You just have to declare your structures a little bit differently. Imagine intitially you have something like this:
#[derive(Readale, Writable)]
enum User {
V1(UserV1)
}
#[derive(Readale, Writable)]
struct UserV1 {
name: String,
age: u8,
}
And you store those structs in some kind of stable collection:
type UsersMap = SHashMap<SPrincipal, SBox<User>>;
...
let mut users = s!(UsersMap);
let user_box: SBox<User> = users.get_copy(user_principal).unwrap();
// SBox and SBoxMut implement Deref, so you can simply &
match &user_box {
User::V1(user) => {
// do stuff
}
}
Since you’re storing users indirectly, you can simply declare a new version like this:
#[derive(Readale, Writable)]
enum User {
V1(UserV1),
V2(UserV2),
}
...
#[derive(Readale, Writable)]
struct UserV2 {
name: String,
age: u8,
phone: String,
}
And use it in your code like this:
match &user_box {
User::V1(user) => {
// do stuff
},
User::V2(user) => {
// do stuff with phone number also
}
}
This is both safe and pretty easy to do.
It depends. First of all, if your string is limited in size (for example, it can’t be bigger than 128 bytes) than you can simply convert your string to [u8; 128]
and store it that way. StableAllocated
is implemented by default for all primitive numeric types and for [u8] arrays with length equal to some power of two up to 4096 bytes (0, 1, 2, 4, 8, 16, 32, 64 ... 4096
). Once generic_const_expr
gets more stable it would be possible to implement it for all [u8] arrays of any size generically.
Second, you still can split your struct into a couple of structs - detach a fixed-size part from the dynamically-sized one. Imagine you have these structs:
struct TransactionHistoryEntryBase {
from: SPrincipal, // SPrincipal also implements StableAllocated
to: SPrincipal,
amount: SNat, // SNat also implements StableAllocated,
}
// there is no derive macro for this yet
impl StableAllocated for TransactionHistoryEntryBase {
...
}
#[derive(Readable, Writable)]
struct TransactionHistoryEntryDetails {
memo: String,
refs: Vec<u64>,
}
Together they represent a single business entity TransactionHistoryEntry
but you can store it in different locations:
type THEBaseLedger = SVec<TransactionHistoryEntryBase>;
type THEDetailsLedger = SVec<SBox<TransactionHistoryEntryDetails>>;
and you can access them separately. You’ll still be able to update this data to a new version (by modifying the dynamically-sized part as I showed earlier), but at least some part of your data will be optimized.
And the third option is, as you said, to store everything indirectly using SBox
-es.
About making an indirect flow to be the default one - yes, maybe you’re right, but I’m not sure yet. What I didn’t like about 0.2.0
is that this indirection of storage was hidden from the user. I find this very misleading - developers should know what their code is doing and how it works internally, preferably without having to read through the documentation. This is what I always liked about Rust itself - by default it always does things in the most optimal way.
In rust there is also a notion of indirection. By default, when you allocate some data and if this data is sized, it will be automatically allocated on stack (directly). And only if you explicitly say to allocate this data on heap (to switch to indirect mode) by putting it into a Box
it will do so. My motivation was to replicate this behavior and to make the library more idiomatic this way.

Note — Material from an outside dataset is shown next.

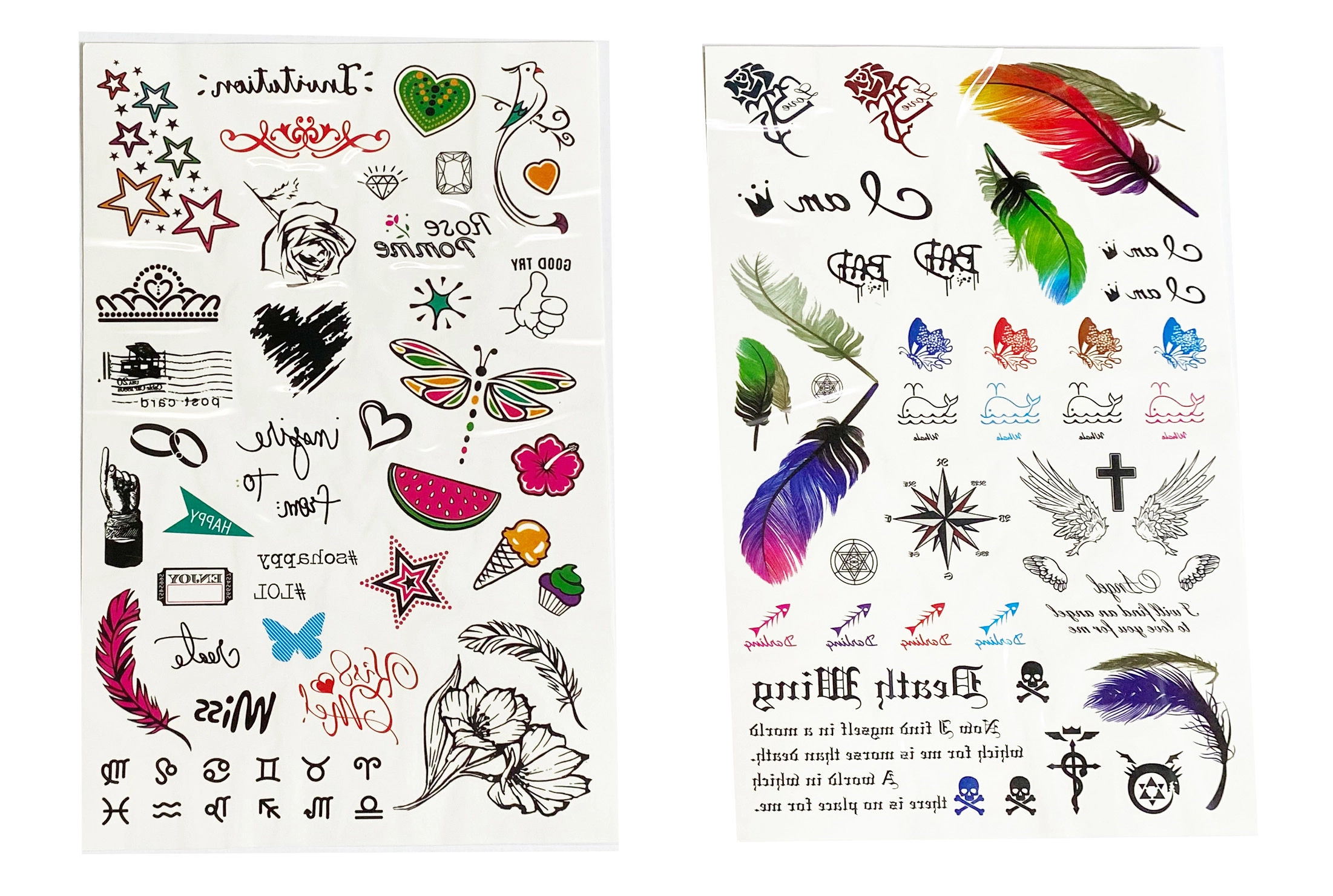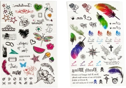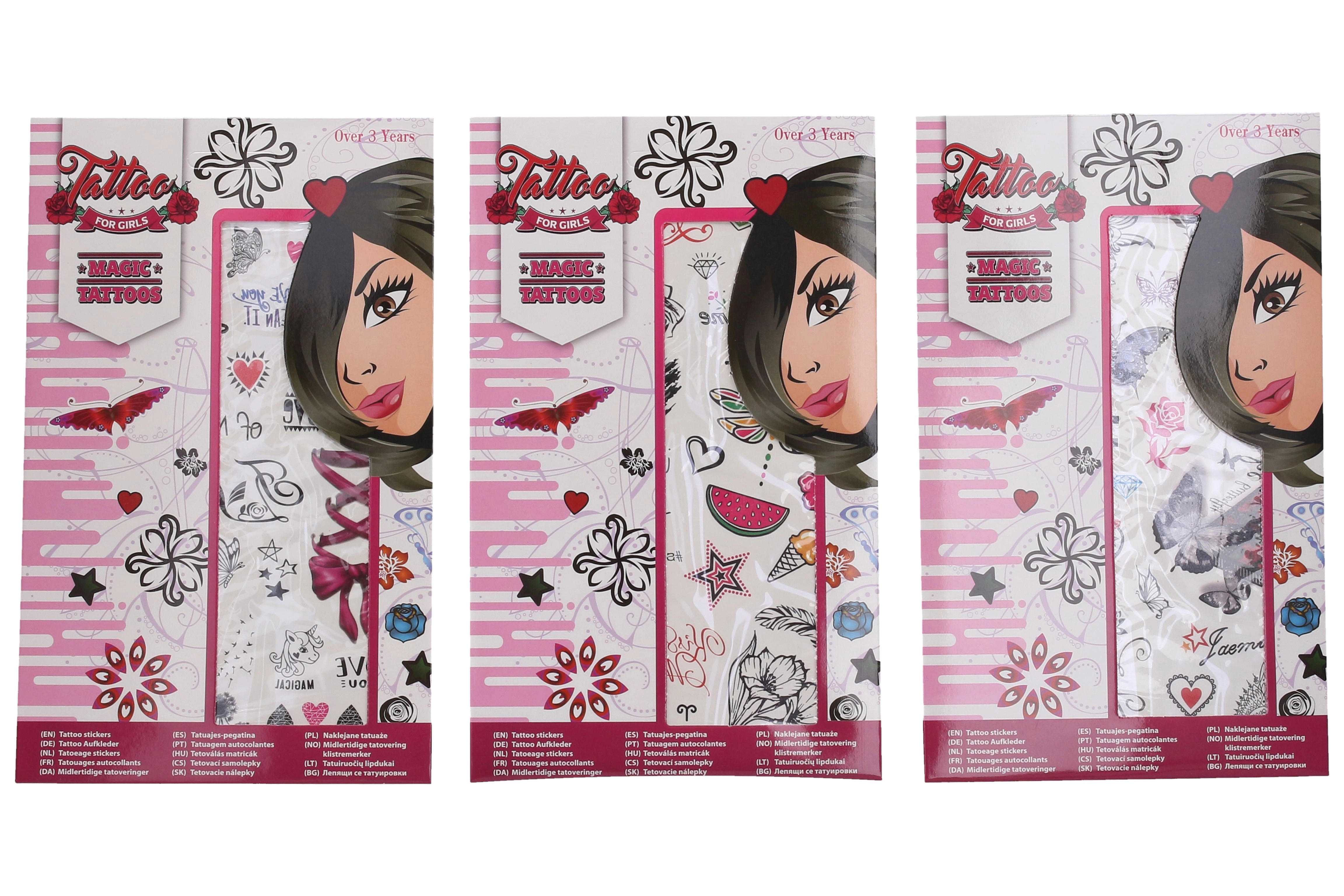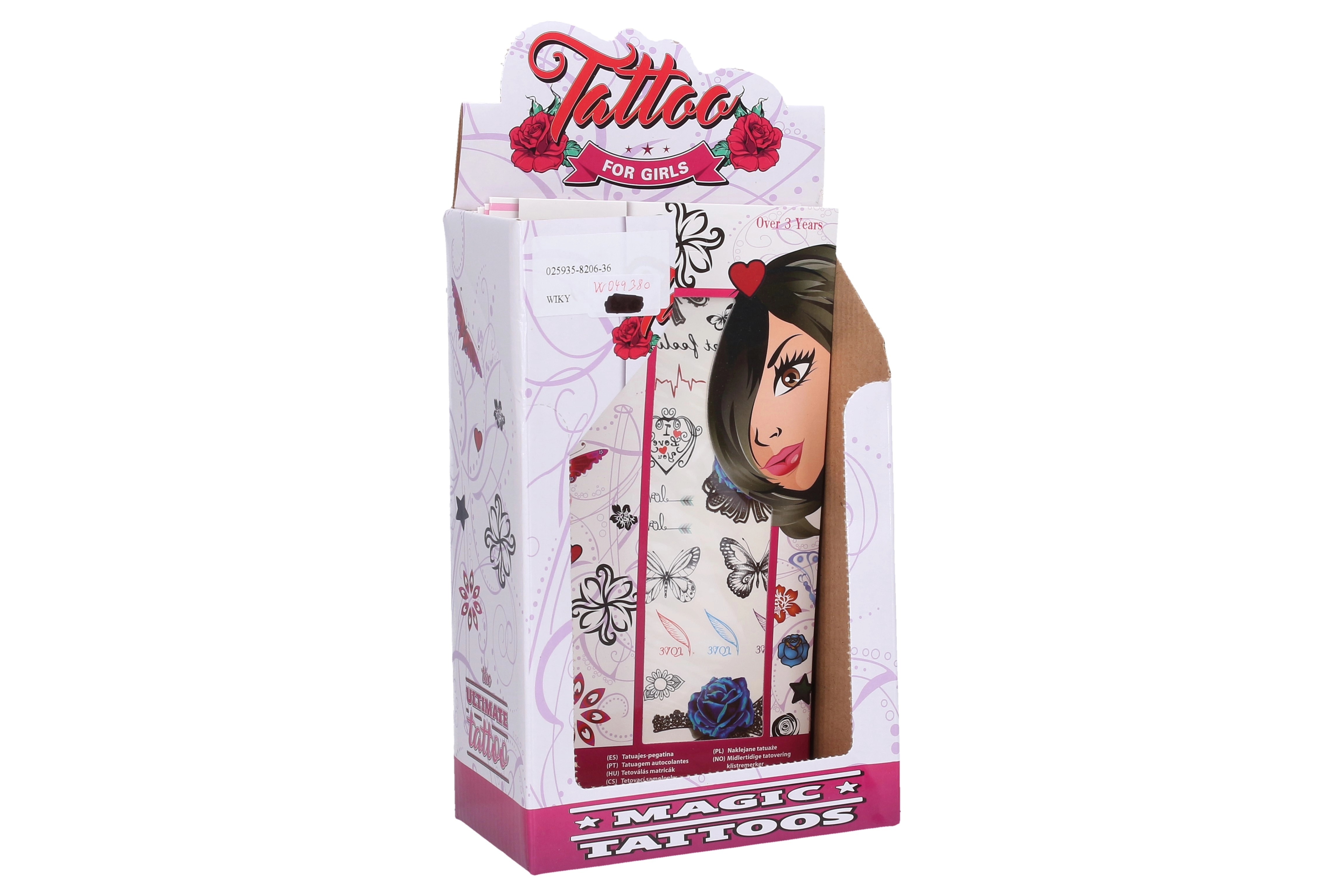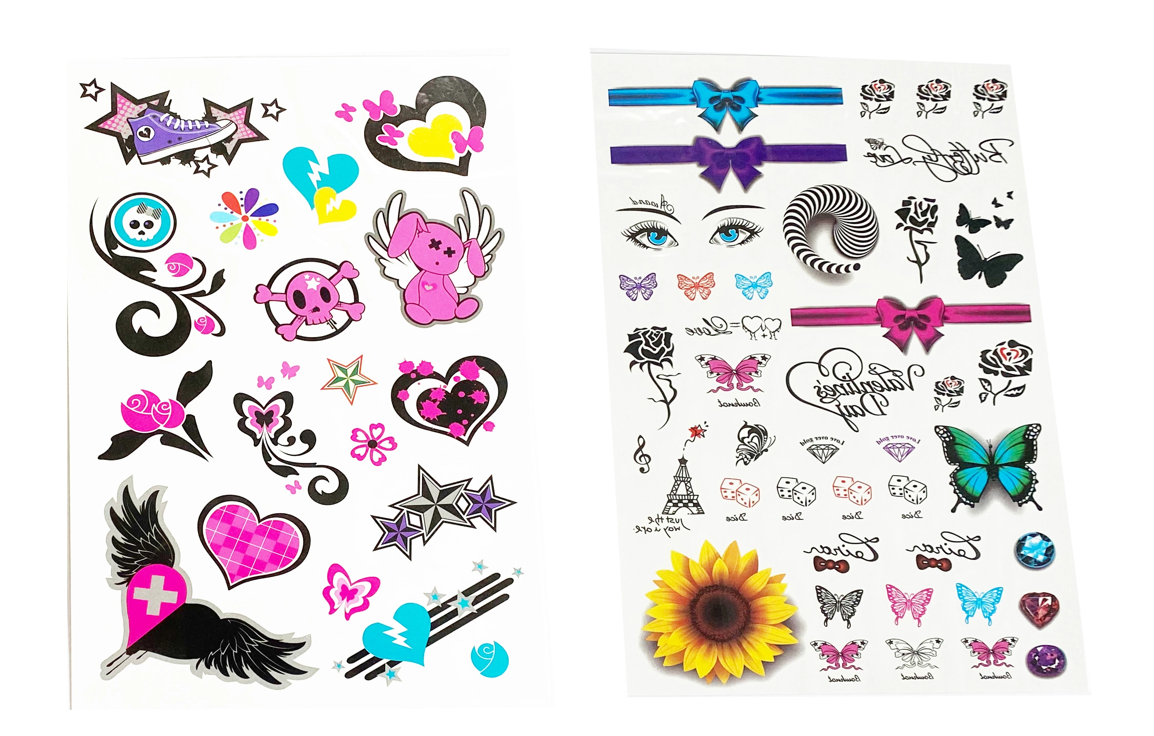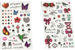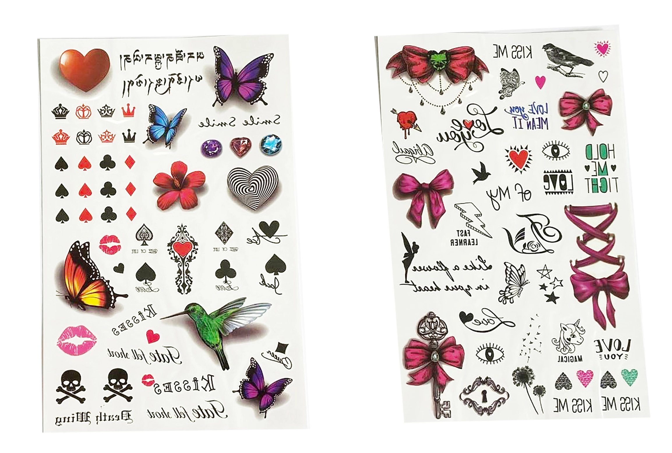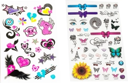 Ανακαλύψτε τον πολύχρωμο κόσμο των προσωρινών τατουάζ για κορίτσια. Σε κάθε φύλλο θα βρείτε δεκάδες χαριτωμένα μοτίβα σε διάφορα μεγέθη – από πεταλούδες και λουλούδια μέχρι καρδούλες, φιογκάκια και αστεράκια. Χάρη στην απλή διαδικασία, μπορούν να εφαρμοστούν και από παιδιά υπό την επίβλεψη ενηλίκων. Τα τατουάζ είναι ιδανικά για γιορτές, καρναβάλια, δωράκια για σακουλάκια πάρτι και ως δημιουργικό στολίδι για το Σαββατοκύριακο.

Thank you for the explanations.
Makes perfect sense
@senior.joinu this looks amazing!
I’m keen to move all of the data in OpenStorage (OpenChat’s storage service) into stable memory.
One option is to use the StableStructures built by Dfinity, but that doesn’t work nicely when your values vary in size massively. I’d need to create buckets of increasing size which I want to avoid due to added complexity + memory wasted.

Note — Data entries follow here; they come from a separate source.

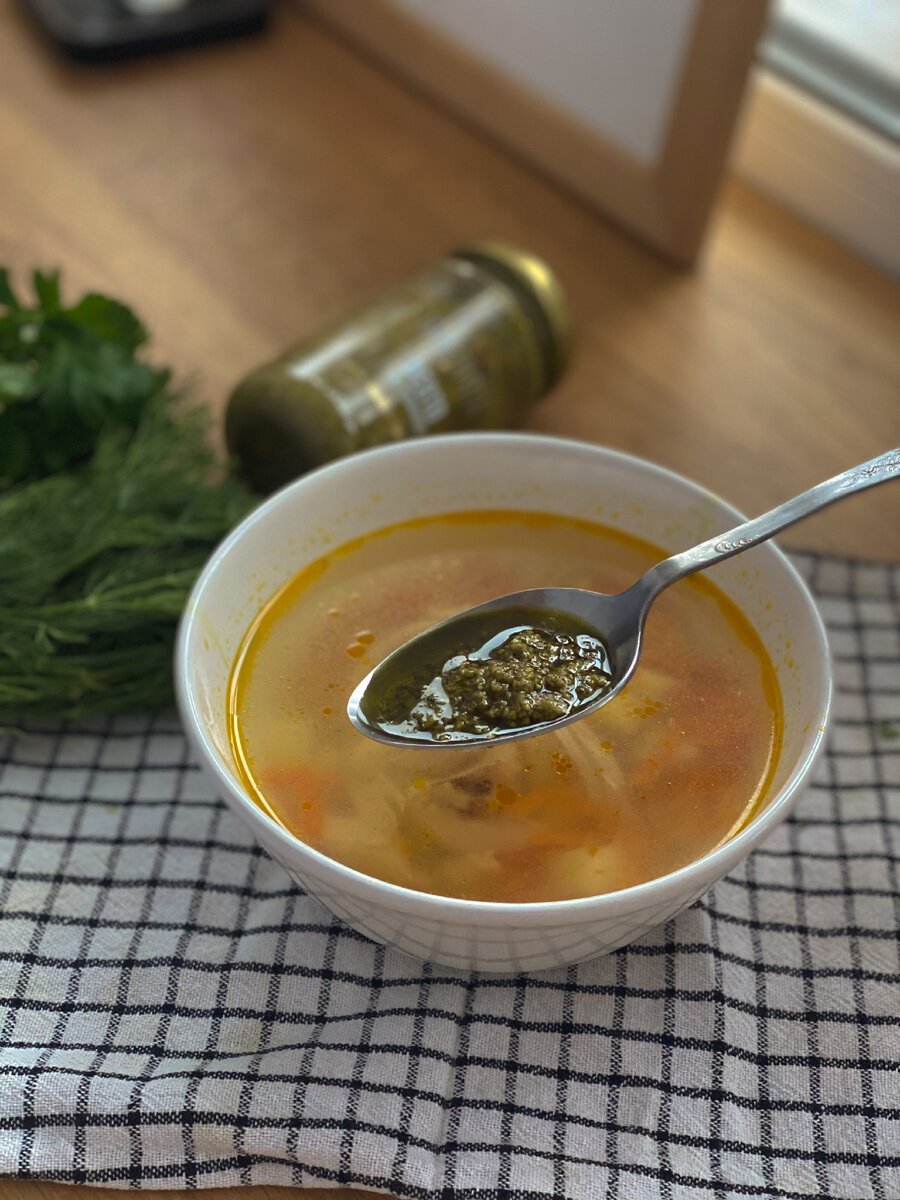 Как разнообразить куриный суп?🤔 Добавить ароматный соус песто🍲 ⠀ Для приготовления супа нам понадобится: •Куриная грудка; •Морковь; •Картофель; •Луковица; •Соль и перец; ⠀ Для соуса песто понадобится: •Пучок петрушки; •Чеснок 2 зубчика; •Орехи грецкие и кедровые 40-50г.; •Оливковое масло. ⠀ Способ приготовления супа: 1. Готовим бульон. Куриную грудку и очищенную луковицу отвариваем в двухлитровой кастрюле в течении 30 минут. 2. Далее достаём курицу, остужаем и делим на кусочки. 3. В бульон добавляем очищенный картофель, который предварительно мы нарезаем на небольшие кусочки. Варим в течении 10 минут. 4. Морковь натираем на крупной тёрке, обжариваем на сковороде с растительным маслом в течении 5 минут. 5. Морковь и курицу добавляем в бульон с картофелем, солим и перчим, варим ещё минут 10 на среднем огне. 6. Готовим соус песто: смешиваем все ингредиенты в блендере, добавляем масло и подаём соус с супом. ⠀ Всего лишь один ингредиент может изменить вкус Всего лишь один ингредиент
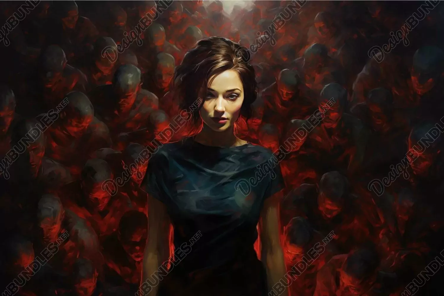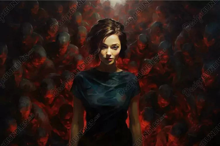 Haunting digital art piece featuring a woman surrounded by eerie, faceless figures
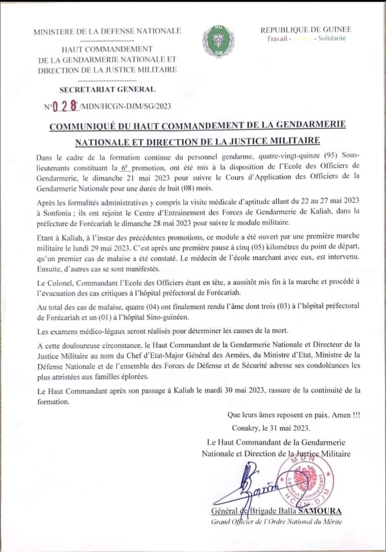 Pendant cette formation, quatre (04) sous-officiers ont finalement rendu l’âme dont trois (03) à l’hôpital préfectoral de Forecariah et un (01) à l’hôpital Sino-guinéen, nous apprend le Haut commandement de la gendarmerie nationale.
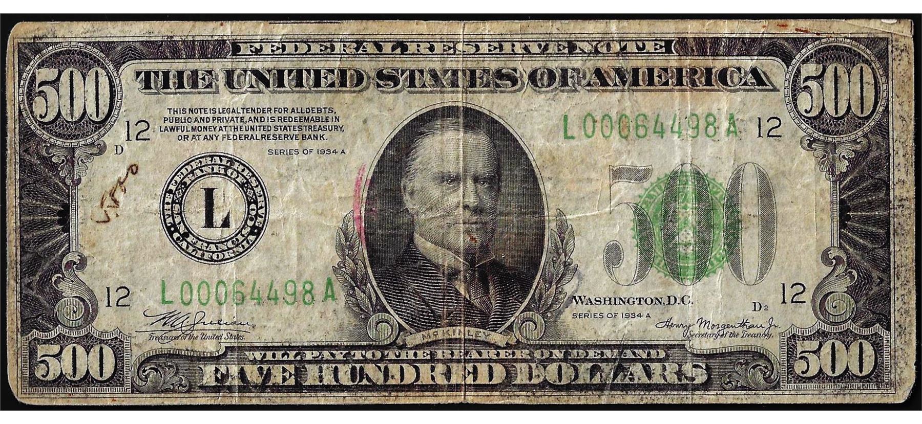 One 1934A $500 Federal Reserve Note San Francisco.
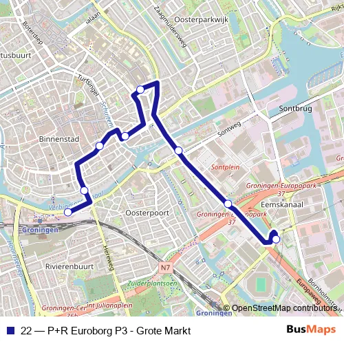 The first stop of the 22 bus route is Groningen, P+R Euroborg P3 (Perron B) and the last stop is Groningen, Hoofdstation, uitstaphalte. 22 (P+R Euroborg P3 - Grote Markt) is operational during everyday.

Our keys are all 256bit hashes and our values are vec’s of bytes of varying sizes.
It looks as if your SHashMap fits our use case perfectly.

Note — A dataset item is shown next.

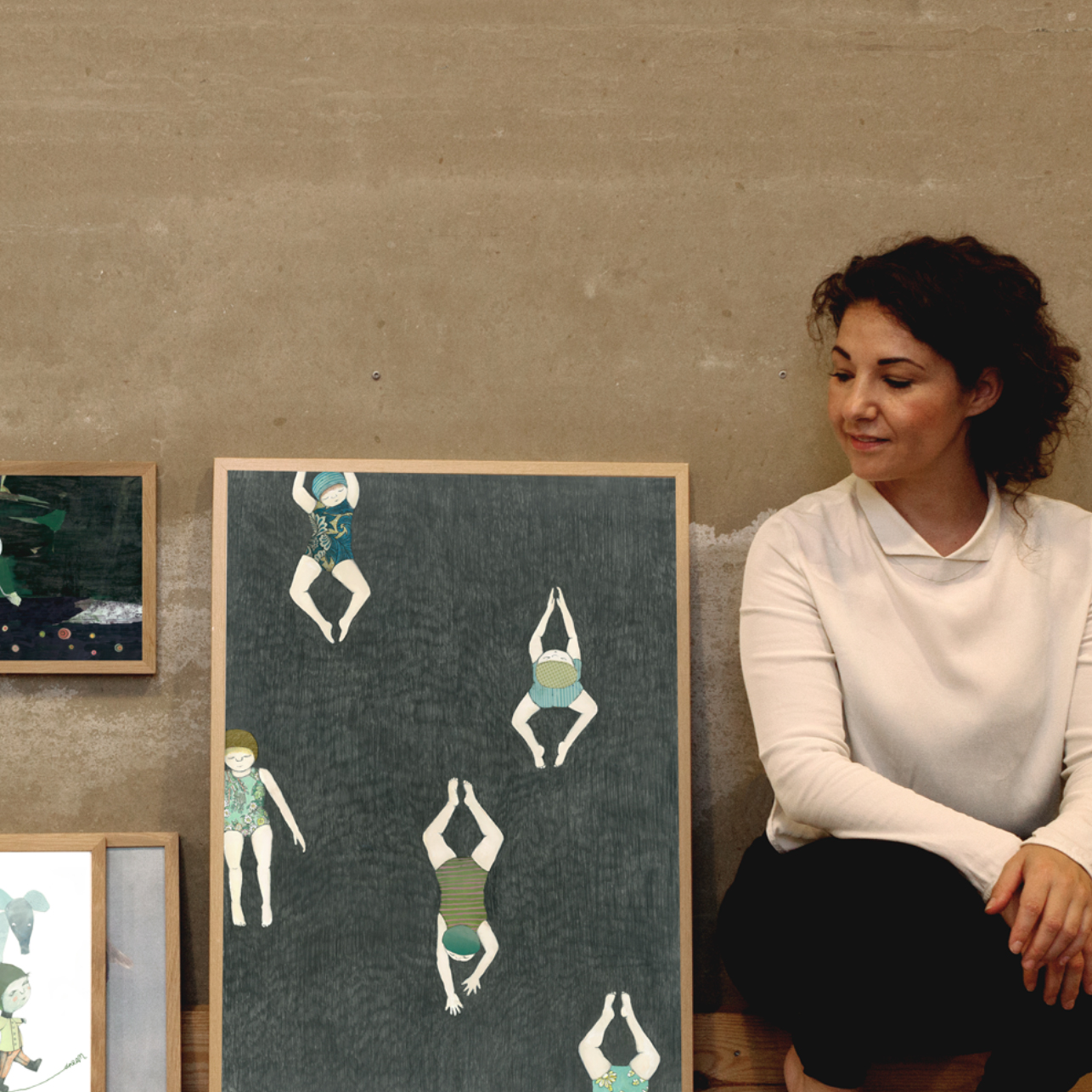 Kirstine Falk er en del af Højkants faste designere. I sit værksted i baglokalerne frembringer hun sit underfundige billedunivers, som spænder fra store, unikke malerier og til prints i mindre oplag.

Would you recommend using this in production yet?
Hey, great to hear that!
Yea, hashmap would work, but if this collection is infinite, a btreemap should be better in long run.
Unfortunately, not yet. It needs a bit more time for stabilization until I could recommend it for production.
I’m guessing you recommend BTreeMap because HashMap has to rehash all of the values every so often as items are inserted? Or is there another reason?